# [AVAILABLE DATA]
-------
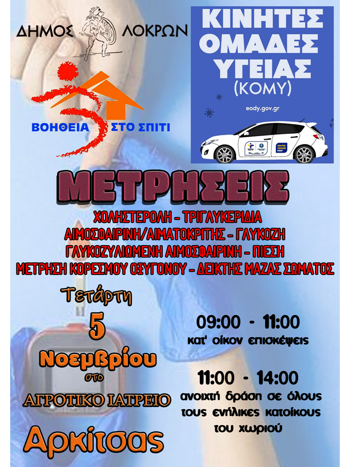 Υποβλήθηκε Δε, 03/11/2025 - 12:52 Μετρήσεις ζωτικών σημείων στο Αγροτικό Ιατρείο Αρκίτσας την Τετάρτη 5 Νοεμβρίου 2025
-------
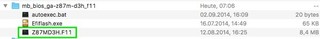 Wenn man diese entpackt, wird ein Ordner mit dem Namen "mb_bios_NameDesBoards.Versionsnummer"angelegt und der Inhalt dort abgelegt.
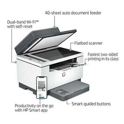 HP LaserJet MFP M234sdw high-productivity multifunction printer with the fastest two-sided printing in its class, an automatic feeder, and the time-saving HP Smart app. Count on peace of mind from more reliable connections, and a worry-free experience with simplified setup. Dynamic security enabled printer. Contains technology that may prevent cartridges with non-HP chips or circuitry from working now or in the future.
-------
# [AIM OF THE TASK]
Above this task is a listing with pictures in it. Retype only the lines from the one containing "Wenn man diese" through the one containing "HP LaserJet MFP", both included, and not the pictures.

# [WRITTEN ANSWER]
 Wenn man diese entpackt, wird ein Ordner mit dem Namen "mb_bios_NameDesBoards.Versionsnummer"angelegt und der Inhalt dort abgelegt.
 HP LaserJet MFP M234sdw high-productivity multifunction printer with the fastest two-sided printing in its class, an automatic feeder, and the time-saving HP Smart app. Count on peace of mind from more reliable connections, and a worry-free experience with simplified setup. Dynamic security enabled printer. Contains technology that may prevent cartridges with non-HP chips or circuitry from working now or in the future.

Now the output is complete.